Academic background
- Alma mater: University of Kansas (BA); Wichita State University (MA); University of Colorado Boulder (PhD);

Academic work
- Discipline: Psychologist
- Institutions: Arizona State University
- Main interests: Reading comprehension; Literacy; Educational technology; Intelligent tutoring systems; Natural language processing;

= Danielle S. McNamara =

Educational researcher

Danielle S. McNamara is an educational researcher known for her theoretical and empirical work with reading comprehension and the development of game-based literacy technologies. She is professor of psychology and senior research scientist at Arizona State University. She has previously held positions at University of Memphis, Old Dominion University, and University of Colorado, Boulder.

In 2015, McNamara received the Distinguished Cognitive Scientist Award from the University of California, Merced. She was selected by the American Educational Research Association (AERA) as a 2018 AERA Fellow in acknowledgement of her theoretical and research contributions to the field of literacy and learning.

McNamara is the founding editor of Technology, Mind, and Behavior, an open-access, peer-reviewed journal published by the American Psychological Association (APA). She has also previously served as president of the Society for Text and Discourse, and serves on the editorial board of Discourse Processes, a multidisciplinary journal published by Taylor & Francis.

== Biography ==
McNamara received her B.A. in Linguistics from the University of Kansas in 1982, and her M.A. in Clinical Psychology from Wichita State University, Kansas, in 1989. In 1992, she earned her Ph.D. in Cognitive Psychology at the University of Colorado, Boulder. During her Ph.D., McNamara conducted research on learning theories with Alice F. Healy and reading comprehension with Walter Kintsch. She moved into educational research after receiving two grants from the James S. McDonnell Foundation to apply cognitive psychology principles to education.

McNamara is the director of the Science of Learning and Educational Technology (SoLET) Lab, where she and her team research and develop intelligent tutoring systems and natural language processing software. SoLET learning technologies like iSTART, a game-based tool to help readers develop self-explanation strategies, and Writing Pal, an intelligent writing tutor with game-based writing guides and automatic feedback, are free to access online through McNamara's Adaptive Literacy website. iSTART and Writing Pal are funded by the U.S. Department of Education through the Institute of Education Sciences.

== Research ==
McNamara's research focuses on the development of intelligent tutoring systems that use game-based exercises to increase learner motivation when practicing reading and writing strategies. She developed the intelligent tutoring system Interactive Strategy Training for Active Reading and Thinking (iSTART), an online application based on the idea of Self-Explanation Reading Training (SERT), which coaches learners to use active reading strategies. iSTART has been found to be as effective as live, one-on-one human tutoring of SERT in improving students' quality of self-explanation when reading.
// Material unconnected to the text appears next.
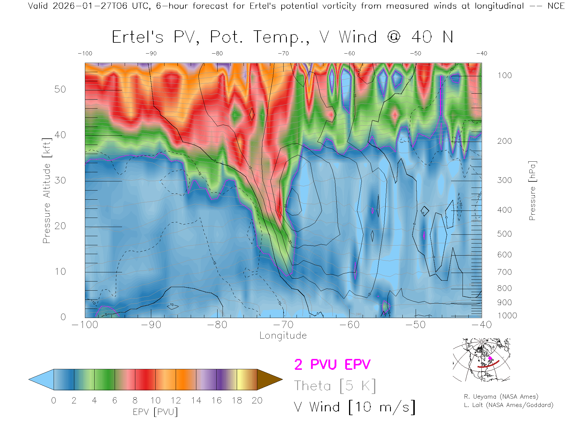 NCEP GFS Forecast PV X-Section (40 N)

With Arthur Graesser, McNamara developed Coh-Metrix, a computational tool for evaluating text readability based on measuring levels of cohesion, world knowledge, language and discourse characteristics. Coh-Metrix has made it easier for researchers and publishers to assess text difficulty and cohesion without relying on previous methods that focused primarily on word and sentence length.

McNamara has authored and edited five books spanning the topics of reading comprehension, linguistics, educational technologies, and cognition. These include Reading Comprehension Strategies: Theories, Interventions, and Technologies; Automated Evaluation of Text and Discourse with Coh-Metrix with Arthur Graesser, Philip M. McCarthy, and Zhiqiang Cai; Handbook of Latent Semantic Analysis with Thomas K. Landauer, Simon Dennis, and Walter Kintsch; Adaptive Educational Technologies for Literacy Instruction with Scott A. Crossley; and Cognition in Education (Ed Psych Insights) with Matthew T. McCrudden.

== Representative Publications ==
- McNamara, D.S. (2004). SERT: Self-explanation reading training. Discourse Processes, 38(1), 1–30.
- McNamara, D.S. (2007). Reading comprehension strategies: Theories, interventions, and technologies. Psychology Press
- McNamara, D.S., & Kintsch, W. (1996). Learning from texts: Effects of prior knowledge and text coherence. Discourse Processes, 22(3), 247–288.
- McNamara, D.S., Kintsch, E., Songer, N.B., & Kintsch, W. (1996). Are good texts always better? Interactions of text coherence, background knowledge, and levels of understanding in learning from text. Cognition and Instruction, 14(1), 1–43.
- McNamara, D.S., & Magliano, J. (2009). Toward a comprehensive model of comprehension. Psychology of Learning and Motivation, 51, 297–384.